Way to latch the ISE to a specific domain controller.

shubham patki · ‎04-25-2023

We have ISE 2.6 in our environment and are testing some stuff with AD connection.

Is there a way to connect to a specific AD Domain controller?

TIA

Shubham

Nancy Saini · ‎04-25-2023

You can leverage the feature of Whitelisted Domains in Active Directory page of ISE.

ahollifield · ‎04-25-2023

If I understand your question correctly.
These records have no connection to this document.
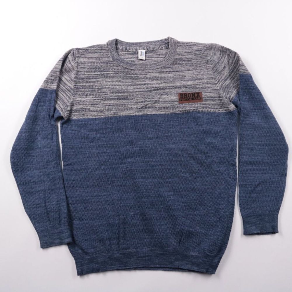 Свитер Yigga для мальчика в сине-серой расцветке с нашивкой Bronx на груди. Подойдёт для школы и прогулок в прохладную погоду, хорошо смотрится с джинсами и брюками. Натуральная шерсть в составе хорошо сохраняет тепло.
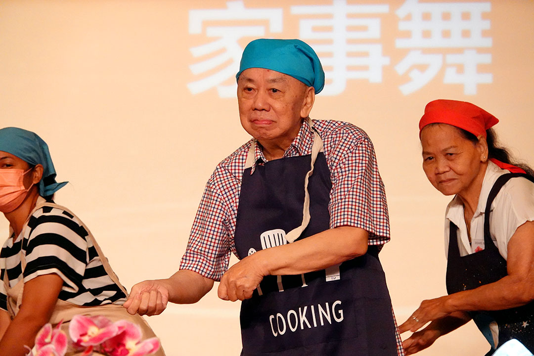 七十二岁的黄锦明举起手摇铃,当上台演出时,他自己逐步步上舞台,无需一旁的外籍看护协助。站在舞台上,随着热门舞曲,他笑开怀地舞动手脚跟着组员一起跳“家事舞”,热闹的音乐搭配年轻人的舞蹈动作,瞬间现场气氛沸腾。
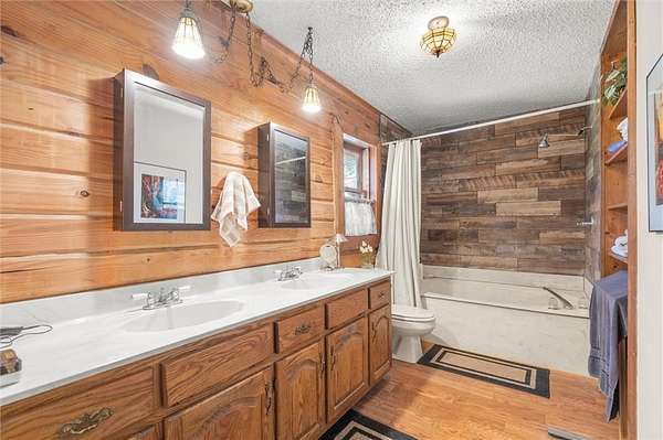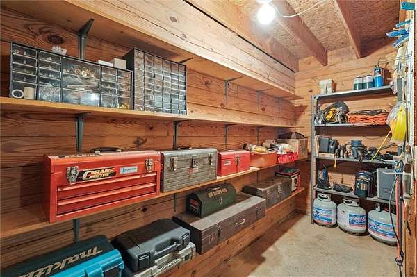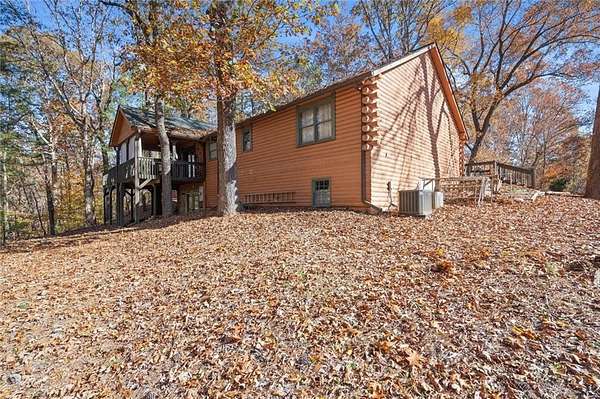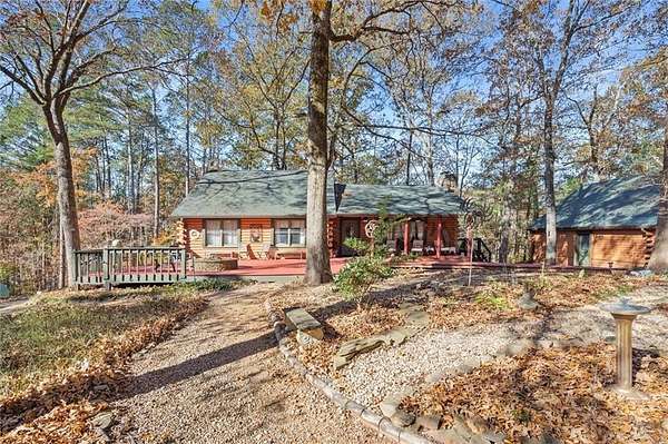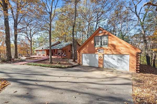 Charming Log Home on 10.8 Private Acres - Perfect for Homesteading & Country Living. Discover the beauty and serenity in this inviting log home surrounded by nature. This property offers the perfect setting for a peaceful retreat, self-sufficient lifestyle, or homesteading dream. You will immediately be greeted by a covered rocking chair front porch and a huge deck with a built in fire pit. Couldn't ask for a better spot for morning coffee or afternoon cocktails. Step inside to find a warm, rustic interior with wood finishes throughout, an open floor plan, and a beautiful stone, wood burning fireplace prefect for the upcoming cold nights. The home offers cozy living spaces and scenic views from every window, creating an atmosphere of comfort and tranquility. The kitchen features stainless steel appliances and is open to the breakfast room and large living room with vaulted ceilings. Main level has 3 bedrooms, 2 bathrooms. Full Basement has a huge open concept family room with a cozy woodburning stove. Convenient full bathroom in the basement with 2 extra rooms currently being used as a craft room and a canning/food storage room. Outside, the land is ideal for organic gardening, composting, and small-scale farming with chickens, raised beds and composting site already in place. A detached two-car garage provides ample parking and includes a full upper-level storage area, perfect for a studio or additional storage space. And you don't have to drive to the mountains to get this! While this peaceful log home feels worlds away, it's perfectly situated just minutes from modern conveniences and local attractions. Enjoy easy access to shops, restaurants, and even a local winery. Spend weekends exploring the nearby Lake Allatoona, where you can swim, boat, or fish, or head to the beach area of Sweetwater Creek Campgrounds for picnics, lakeside relaxation, and fun summertime activities. Enjoy the privacy and quiet of your own slice of paradise, with space to explore, grow, and relax. Whether you're seeking a sustainable lifestyle or a peaceful getaway, this property offers endless possibilities.
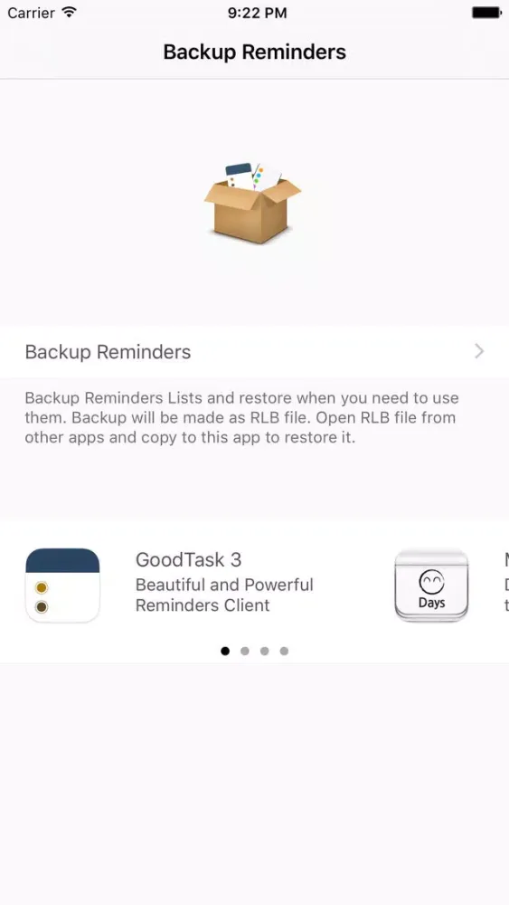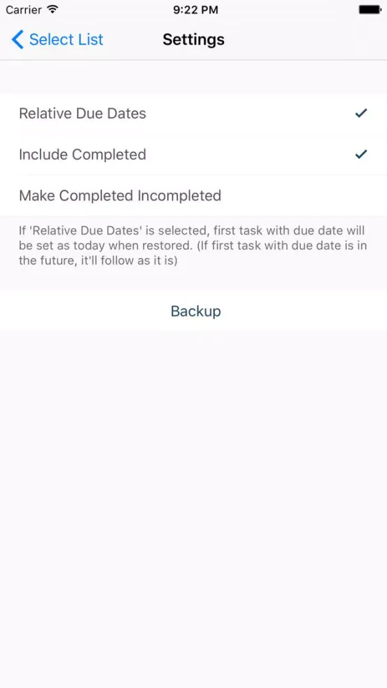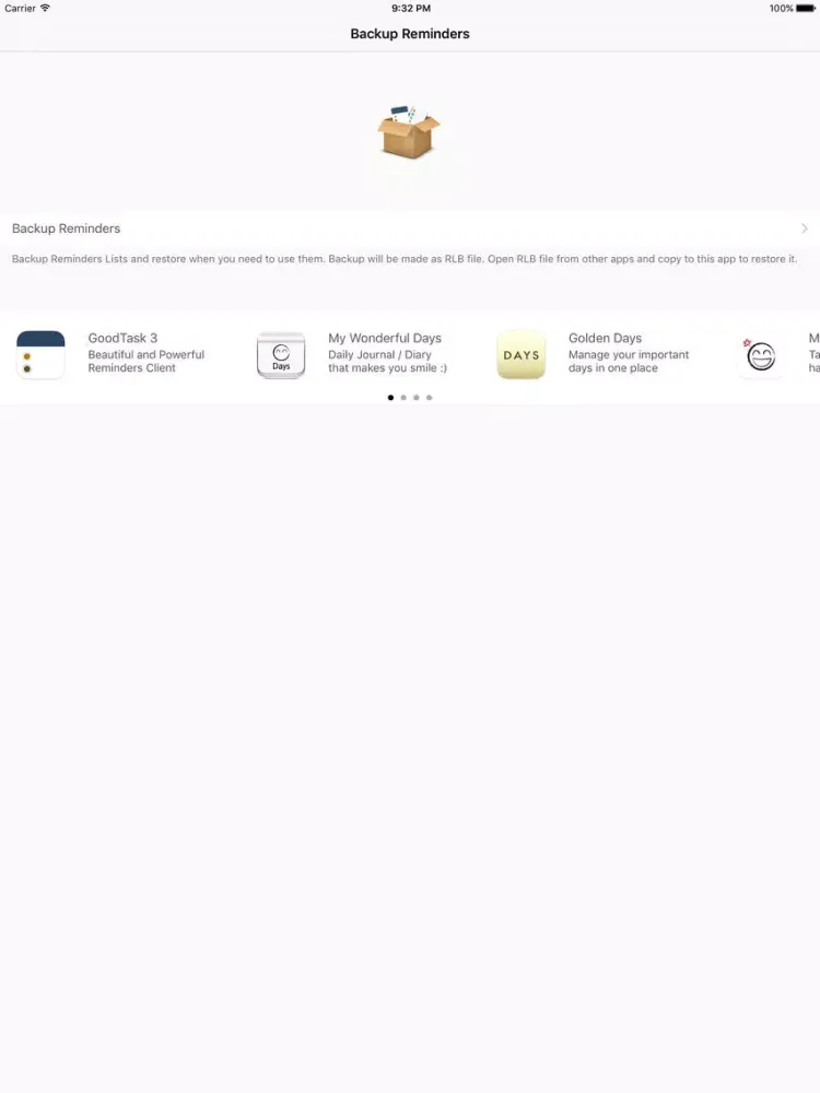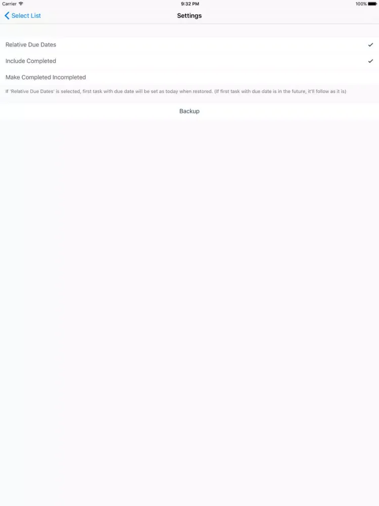 Tangkapan layar Backup Reminders Lists & Restore Data iPad
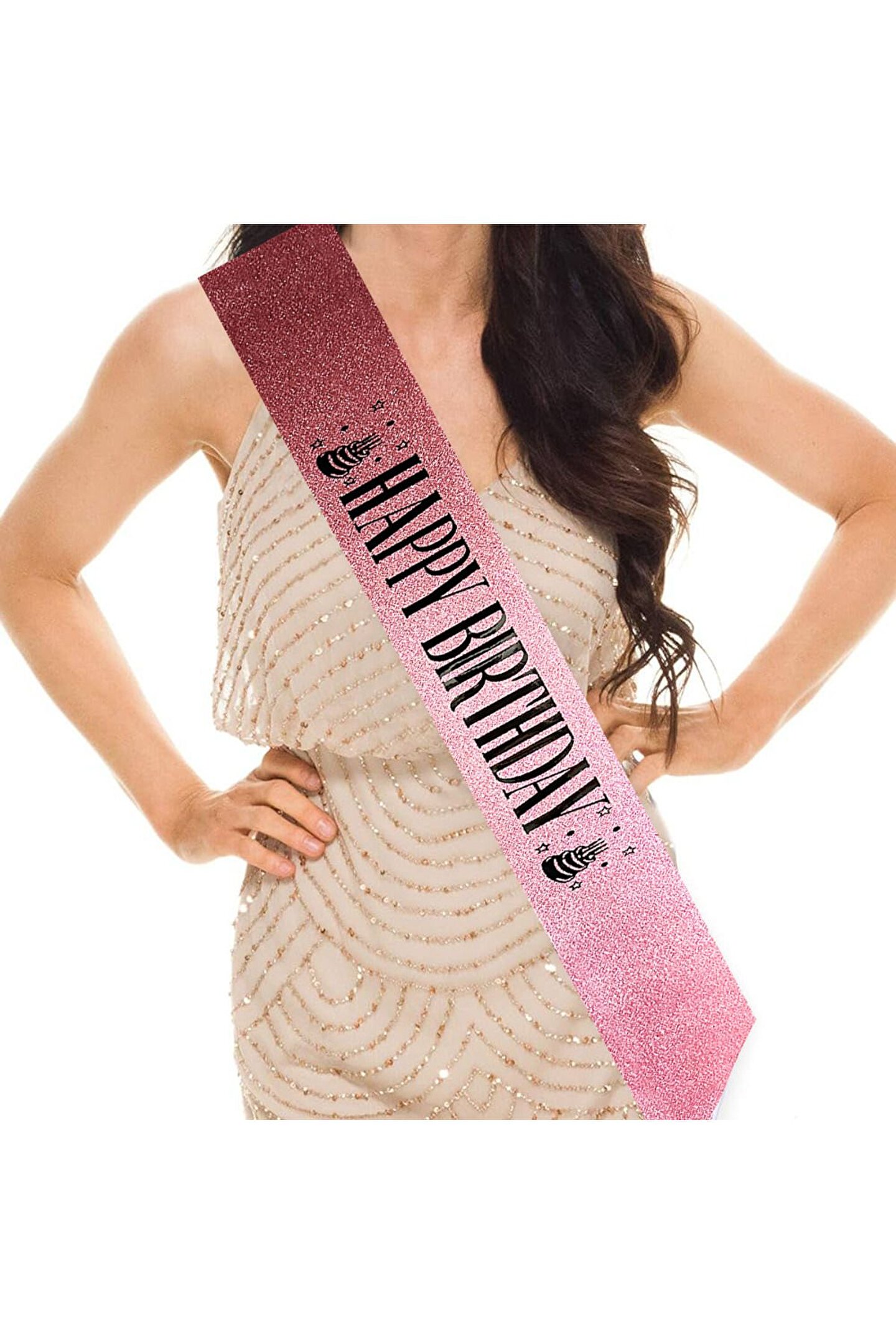 Himarry Pembe Üzeri Siyah Büyük Happy Birthday Yazılı Simli Işıltılı Kuşak Kemer 10 cm Genişlik
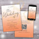 Convite Peach Orange Fuzz Script Elegante Código QR Casame
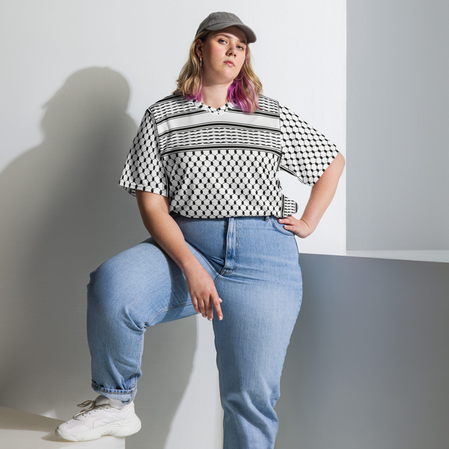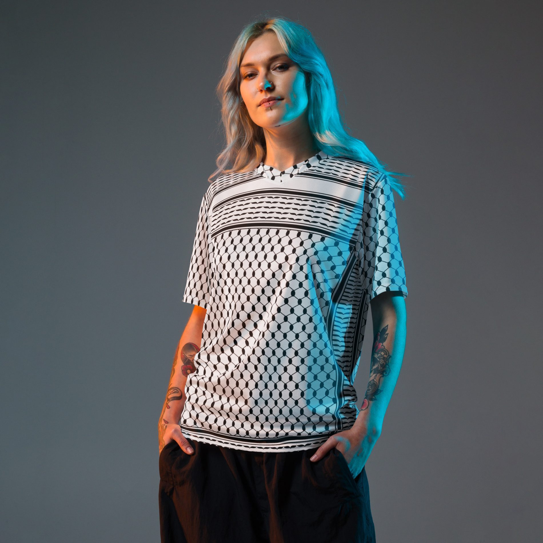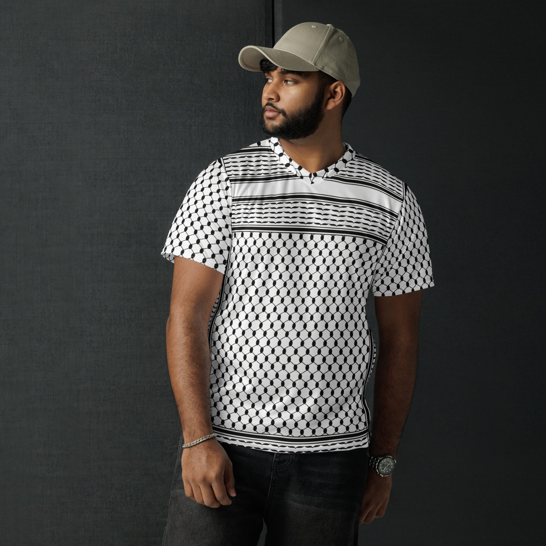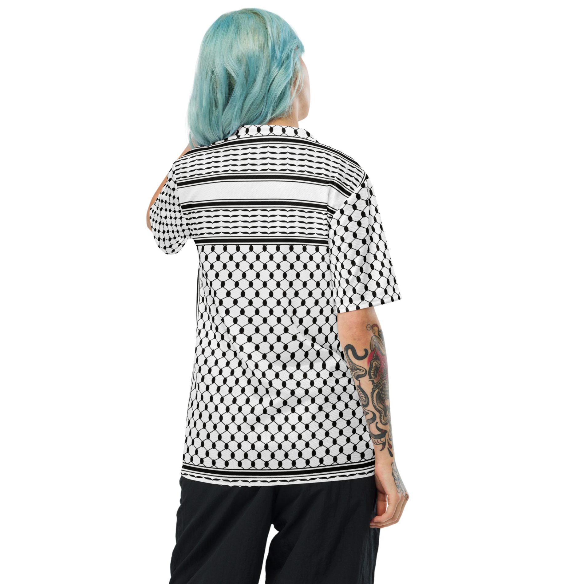 The Kufiya (Keffiyeh) Recycled Unisex T-Shirt transforms an iconic symbol of Palestinian resistance into a bold, sustainable fashion statement. Featuring the traditional kufiya pattern, this shirt honours cultural identity while standing firmly for justice and liberation.
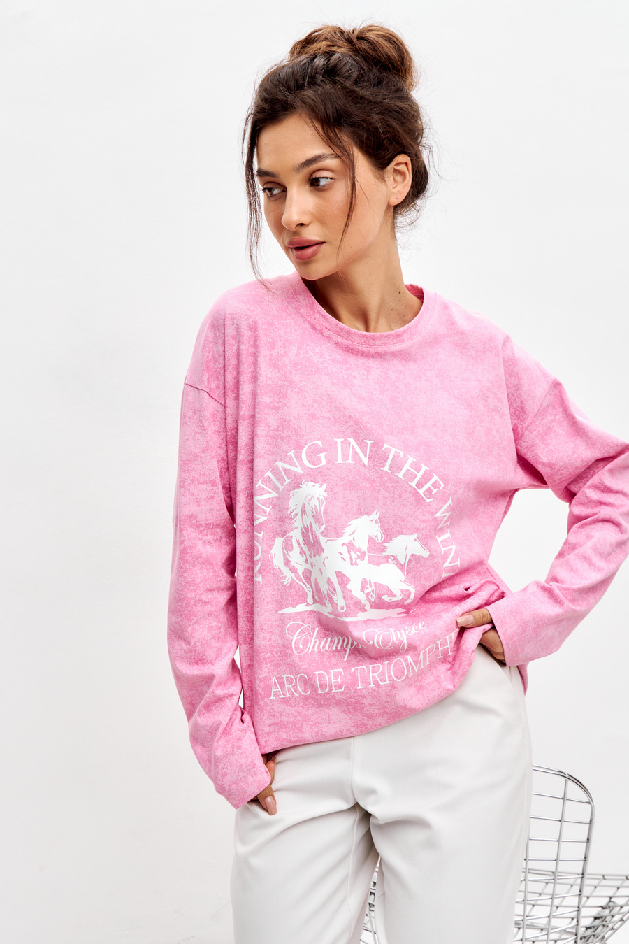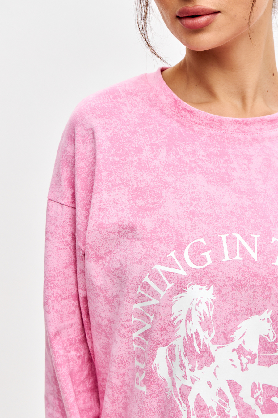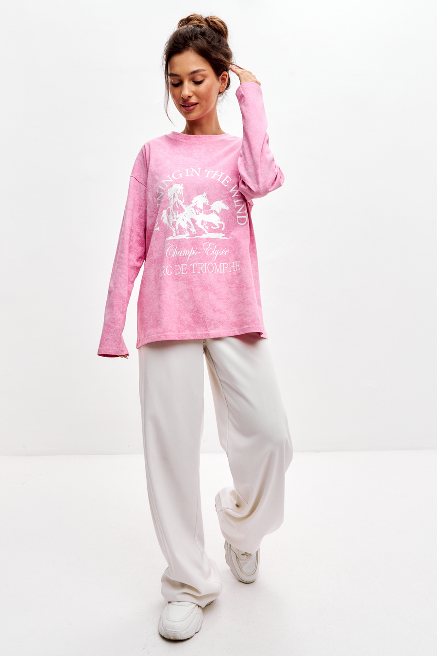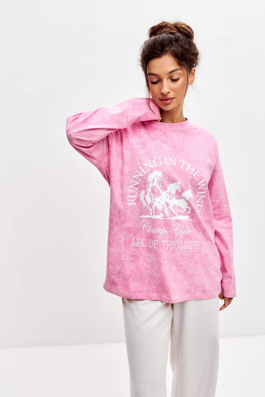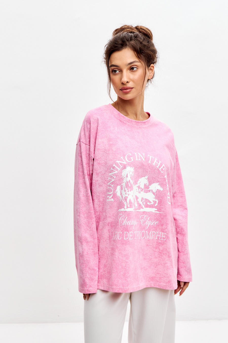 • Лонгслив женский из кулирки оверсайз розовый макси

AD Sites and Services is what you are looking for.https://www.cisco.com/c/en/us/products/collateral/security/identity-services-engine/bulletin-c25-2503911.html

shubham patki · ‎04-25-2023

I think so too. I read somewhere that using AD Sites and services can be helpful. But that's it, no more details on how can we leverage that to force ISE/PSN to connect to a specific Domain Controller.

Greg Gibbs · ‎04-25-2023

See a similar discussion here:

https://community.cisco.com/t5/network-access-control/ise-ad-sites-and-services/td-p/3335406

ISE joins the domain as a computer account, so it leverages standard AD functions for determining which Domain Controller(s) it should communicate with and in which order. With properly configured AD Sites and the IP/subnet of the ISE node(s) mapped to the correct Site in AD, the ISE nodes will automatically communicate with the DC associated with that Site.

You can read more about AD Sites here:

https://www.windows-active-directory.com/active-directory-sites.html

poongarg · ‎04-26-2023

Agree with Greg. Use the AD Sites and Services. However, If there is very specific requirement to connect to specific DC in a domain, then open a TAC case. TAC may help with Advanced Tuning of Active Directory Connection.